On average professional speakers, can earn anywhere from 5,000 to $10,000, depending on the speciality and credentials of the speaker, estimates Learn That. According to the National Speakers Association, speaker fees vary widely depending on the speaker’s popularity, their availability and the event requirements. In general, fees for keynote speeches start around $3,000, with the average national keynote fee typically being $7,500. Celebrity speakers and top business experts can get anywhere from $20,000 to $40,000 and up. “For well-known personalities fees are usually over $50,000. And people such as Bill Cosby, motivational speaker Tony Robbins, Neil Armstrong and Bill Clinton are  over $100,000,” notes speakers booking agency Speakers Platform.

While there are some prominent African-American women on the speaking circuit, Venise Berry, associate professor of African American Studies, Journalism and Mass Communication at the University of Iowa, says there is plenty of room for more. “Unfortunately African-American women are often linked to black topics which limits their ability to reach a broader base. Speaking topics should cover a broad range,” she told us in an email.

To get started, however, you may need to do a few speaking engagements for free until you create a demand for your appearance. There are other steps to take to become a professional speaker:

  • Use your life experiences. “The first place to look for what to speak about is your own life. Make a list of the goals you have achieved,”  according to FabJob.com, as reported by AfricanSisters.com. “Of course, it’s even better if you have achieved something extraordinary, such as winning an Olympic medal, publishing a bestselling book, or giving birth to septuplets. But even accomplishments that seem ‘ordinary’ can provide material for speeches.”
  • Find your niche. “Identify one or more topics that you can speak on — areas where your expertise makes a difference,” advises Berry,  who speaks on a range of topics from weight and wellness to racism in the media to novel writing.
  • Understand your target audience. “Depending on your niche, you could define your audience by characteristics such as: age, gender, geographic location, industry, interests, or any other traits that distinguish one group from another. Once you have identified your audience, you can target your efforts directly to that group,” explains FabJob.com.

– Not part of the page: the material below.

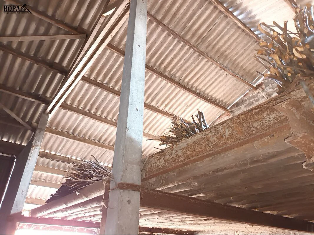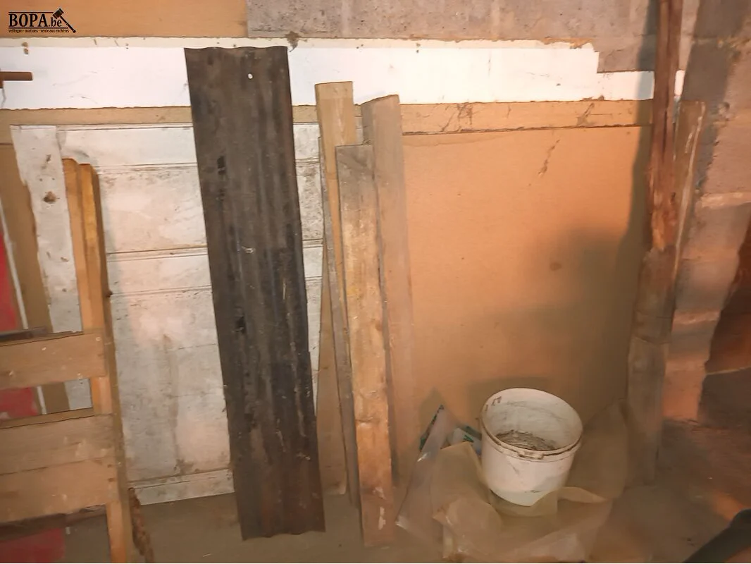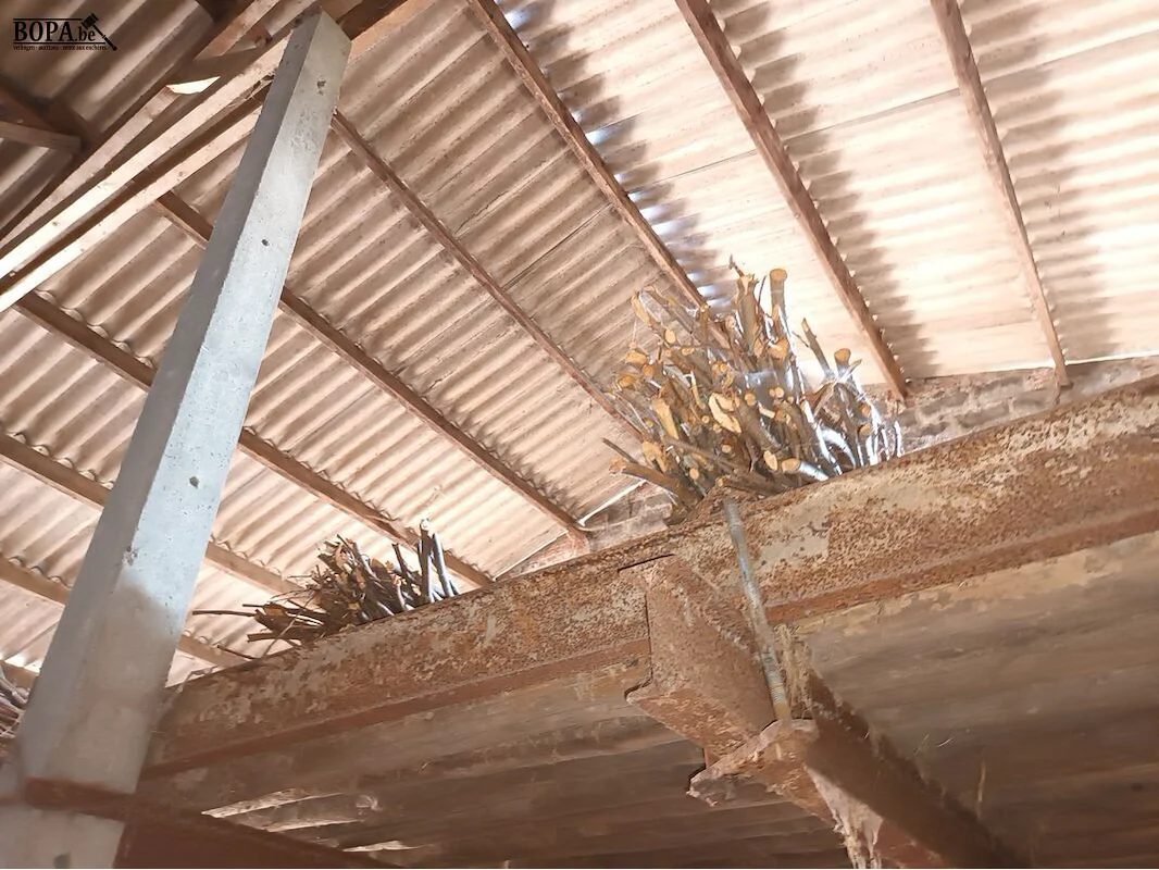 Lot hout en bundels takken onder het dakverdiep.

  • Speech writing 101. Check out a speech writing website for guidance. And if  you can’t write your own speech, you can hire a speech writer and/or a speech coach.
  • Book ’em. “Write and publish articles or books in order to establish yourself as an authority in your subject,” states  Wiki How To Become a Motivational Speaker. Berry, for example, has written several books, including award-winning novels and nonfiction books.

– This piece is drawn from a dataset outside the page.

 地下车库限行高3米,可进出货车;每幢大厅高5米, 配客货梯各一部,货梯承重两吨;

  • Publicity is a must. You will have to publicize yourself and your brand. “As a professional woman you need to develop your brand and build your name in order to establish yourself in whatever industry you are in,” Berry writes. According to FabJob.com, your promotional materials should include a demo tape and an information package, including “a color photograph, a page summarizing your experience and the benefits of your speech, and testimonial (reference) letters from people who have heard you speak.” Contact large, not-for-profit corporations and professional groups says Wiki. And contact speakers’ bureaus, such as BlackExperts.com, which reps Berry. Some, but not all, bureaus charge to list your services. And like agents, they will take a percentage of you speaking fee.